There IS a difference between mass and energy. An electron isn't JUST made up of mass that can be converted into energy. It's spin must also be taken into consideration, and here, a one-to-one conversion of energy into mass cannot occur without other external factors coming into play. The same with a photon being converted into mass. You can't just take a photon and completely turn it into just one particle.

Zz.

14. Aug 19, 2010

### LostConjugate

Well I wasn't trying to say that we as humans have the technology to make these conversions, just that we first defined mass, then we defined energy, then we found that they are one and the same. Mass is just a word we use, but it means no more than internal energy of the object.

I don't think we set c=1 just for convenience, that is much more natural unit to work with, meters is just a random length we made up to measure things on earth. c was found empirically.

15. Aug 19, 2010

### ZapperZ

Staff Emeritus
Yes, it is found empirically, and it's number isn't 1, and it has a dimension.
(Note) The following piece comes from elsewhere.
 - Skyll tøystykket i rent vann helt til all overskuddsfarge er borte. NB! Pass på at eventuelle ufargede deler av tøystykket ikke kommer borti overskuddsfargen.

I work with stuff a lot by setting h or h-bar=1. Look in any photoemission papers and you'll see that "energy" has a symbol of omega, which is angular frequency. This isn't physics. It is short-hand notation.

Mass also is not a word. In the Standard Model, mass can interact with the Higgs field, while photons do not! So already here, the physics is different!

Zz.

16. Aug 19, 2010

### LostConjugate

I didn't know about that. I thought the Higgs field was still just theory. I will look into that, a photon should be effected by it just as it is by the gravitational field. I don't know anything about the Higgs field though other than LHC has not been able to prove its existence.
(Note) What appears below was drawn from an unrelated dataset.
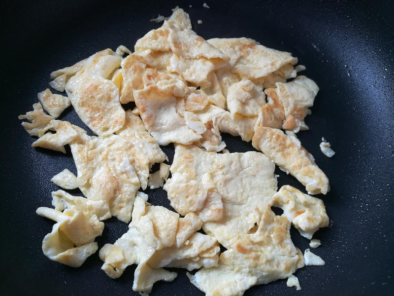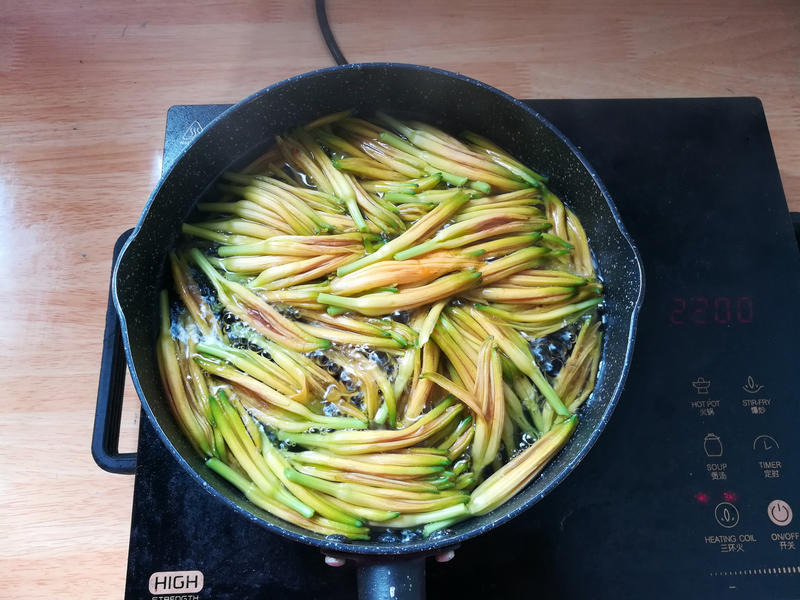 Bước 1: Ngâm và rửa sạch nụ hoa hiên, sau đó luộc trong nước sôi khoảng 5 phút. Vớt ra và để riêng. Cho một ít dầu ăn vào chảo. Khi dầu nóng, đập trứng vào và chiên đến khi vàng đều cả hai mặt. Thêm một thìa cà phê rượu nấu ăn để khử mùi tanh (nên dùng lửa nhỏ khi chiên trứng để tránh bị cháy). Sau đó dùng thìa xắt thành miếng nhỏ. Nếu bạn dùng hoa tươi, hãy loại bỏ nhị trước khi luộc.

-- I was trying to say because it was found empirically it should be normalized.

17. Aug 19, 2010

First, you're missing $$\gamma$$ factor in momentum. Second, you're mixing rest mass (first equation) and relativistic mass (last equation). Third, that mumbo jumbo in the middle is just wrong. (How did you come to conclusion that velocity is energy?) The dimensions are completely off, which is why you should keep the c factors in the equations, unless you know what you're doing (hint: E - E^4).

18. Aug 19, 2010

### LostConjugate

All I did was remove c^2 from their equation.

velocity is just another form of energy, the exact amount may be 1/2v^2 per unit mass but that is irrelevant.
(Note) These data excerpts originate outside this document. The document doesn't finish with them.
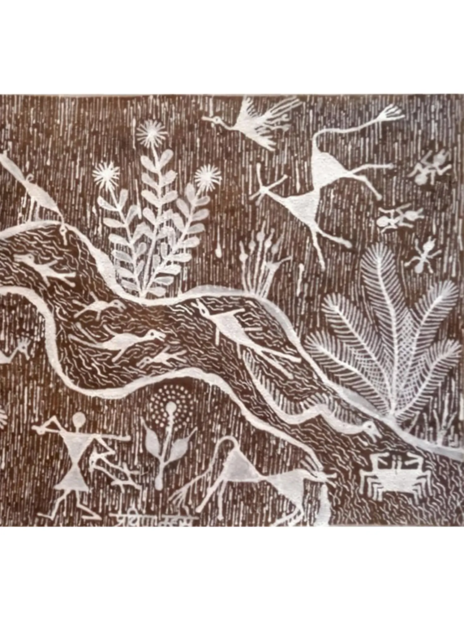 Pravin Mhase is a known artist of Warli. He was born into the famous Mhase family known for revving the Warli art. This Painting of River Flowing in the Village is a traditional Warli art made traditionally with Cow Dung and Acrylic on Manjarpat Cloth. Manjarpat is a low-quality, muslin-like cloth. It has limited absorbency and shrinks after washing. It is believed to be the best cloth for absorbing cod dung and making the canvas. The painting is highly traditional and holds a community emotion into it.
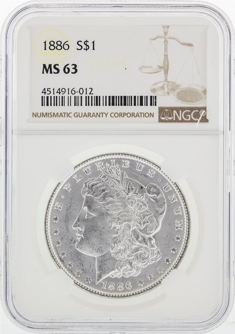 One 1886 NGC MS63 Morgan Silver Dollar. NGC Certified.
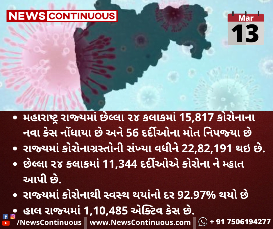 મહારાષ્ટ્ર રાજ્યમાં છેલ્લા ૨૪ કલાકમાં 15,817 કોરોનાના નવા કેસ નોંધાયા છે અને 56 દર્દીઓના મોત નિપજ્યા છે

Either way, I am not sure if your trying to say that mass is something more than just energy or not.

19. Aug 19, 2010

I understand very well what you did.
Saying that velocity is just another form of energy is one thing (philosophy), and making equivalence between E and v is another (bad maths).
That's hardly irrelevant. The square there is very important as well as that 'per unit mass'.
I consider questions like this to be too philosophical for my tase. I am just pointing what I think are errors in your derivation.

I understand what your point is, but why are you trying to make it more rigorous by showing horrible mathematical skills?

20. Aug 19, 2010

### LostConjugate

I was trying to show that the equation provided instead of E = Mc^2 is really just the same thing, it still shows that energy and mass are equivalent.